§ **TASK DIRECTIONS**: The lines to be extracted begin at the line containing "ITALO-ISLAMIC: A CARVED" and end at the last line of the data below; copy them exactly and leave out the pictures.

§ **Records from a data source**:
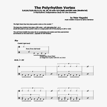 The Polyrhythm Vortex is an etude for one drummer playing 3, 5, 6, 7, 8, 9, 10, 11, 12 with the left hand on the snare while the right hand keeps a steady 4/4 on a cowbell. At the same time the feet on a double bass drum pedal plays in 1/8th notes throughout.
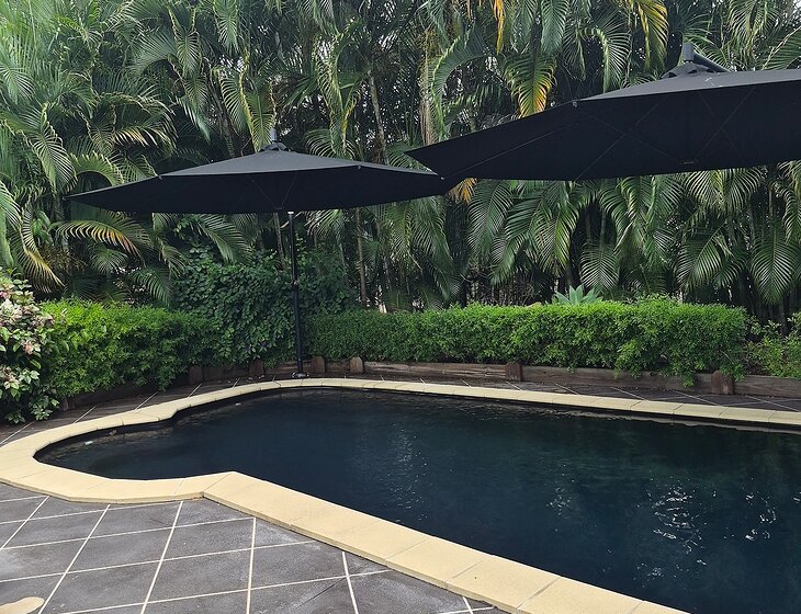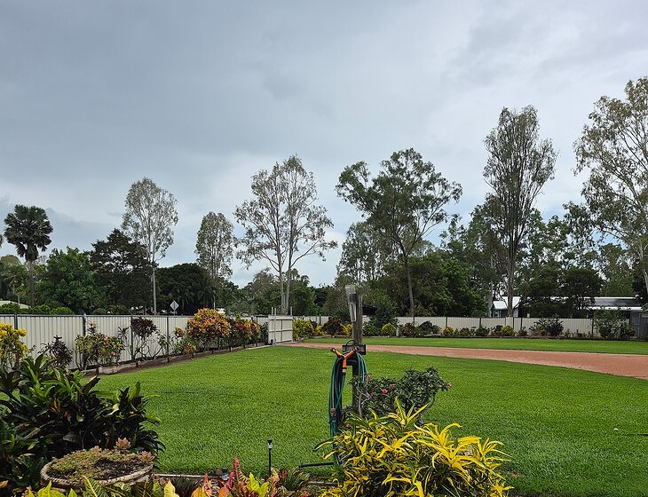Our 3 bedroom home is located on an acre approximately 30mins from the city centre . Established gardens, fully fenced with electric gates, outdoor security, extremely private block, pool, chooks also a fully furnished Donga for our guests so privacy is assured.
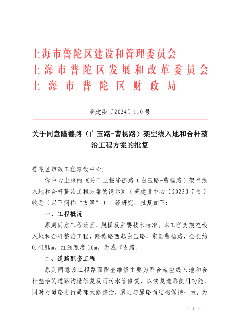 你中心上报的《关于上报隆德路(白玉路-曹杨路)架空线入地和合杆整治工程方案的请示》(普建设中心〔2023〕7号)收悉(以下简称“方案”)。经研究,批复如下:
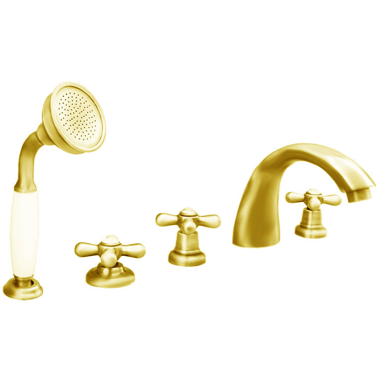 Смеситель на борт ванны Rav Slezak Morava retro MK169.5P монолитный, с душевым гарнитуром, изготовлен из высококачественной латуни, которая исключает какую-либо коррозию. Латунные рукоятки. Керамическиe кран буксы, производство Германия. Керамический переключатель переключатель душ/излив. Металлический шланг с двойной оплеткой, с пружиной, которая обеспечивает лёгкое возвращение шланга в держатель. Длина шланга 2000 мм. Латунная душевая лейка. В комплекте смеситель, шланг, душевая лейка, гибкая подводка и комплект крепления.
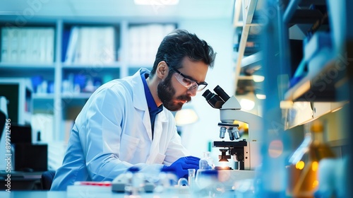 Innovation and precision of an engineer working in a high-tech lab, captured with a portrait lens during a bright afternoon. This clean and high-contrast image emphasizes scientific work
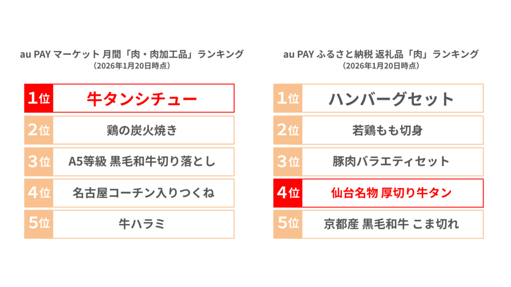また、よく購入されるカテゴリーでは「精肉・ハム・ソーセージ(38.0%)」がトップ。中でも「牛タン」は、お取り寄せの定番であるステーキ肉などを抑え、『au PAY マーケット』のランキングで1位を記録するなど、高い人気を博しています。
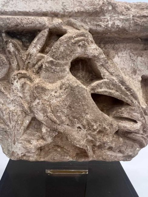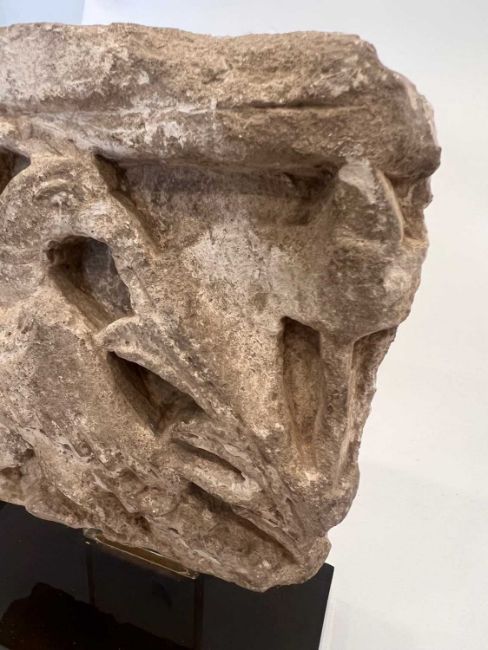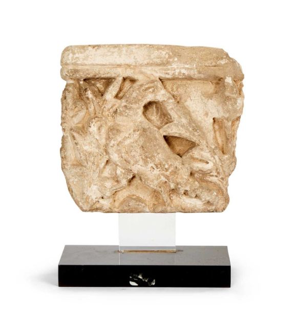 ITALO-ISLAMIC: A CARVED STONE RELIEF FRAGMENT, PROBABLY SICULO ARABIC 12TH CENTURYthe architectural fragment carved in relief with a bird (probably a goose or duck) amongst foliage, with flat back, later mounted on a perspex stand,15cm high x 16cm wide, 21cm high including stand
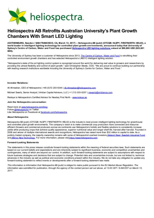 (GOTHENBURG, Sweden / SAN FRANCISCO, CA, March 13, 2017) – Heliospectra AB (publ) (OTCQB: HLSPY, FIRSTNORTH: HELIO), a world leader in intelligent lighting technology for controlled plant growth environments, announced today that University of Sydney’s Centre of Carbon, Water and Food has purchased Heliospectra LED lighting solutions (https://www.heliospectra.com/led-grow-lights-applications) (https://www.heliospectra.com/led-grow-lights-applications)valued at $90,800 USD (823,601 SEK).

§ **RESPONSE BOX**:
 ITALO-ISLAMIC: A CARVED STONE RELIEF FRAGMENT, PROBABLY SICULO ARABIC 12TH CENTURYthe architectural fragment carved in relief with a bird (probably a goose or duck) amongst foliage, with flat back, later mounted on a perspex stand,15cm high x 16cm wide, 21cm high including stand
 (GOTHENBURG, Sweden / SAN FRANCISCO, CA, March 13, 2017) – Heliospectra AB (publ) (OTCQB: HLSPY, FIRSTNORTH: HELIO), a world leader in intelligent lighting technology for controlled plant growth environments, announced today that University of Sydney’s Centre of Carbon, Water and Food has purchased Heliospectra LED lighting solutions (https://www.heliospectra.com/led-grow-lights-applications) (https://www.heliospectra.com/led-grow-lights-applications)valued at $90,800 USD (823,601 SEK).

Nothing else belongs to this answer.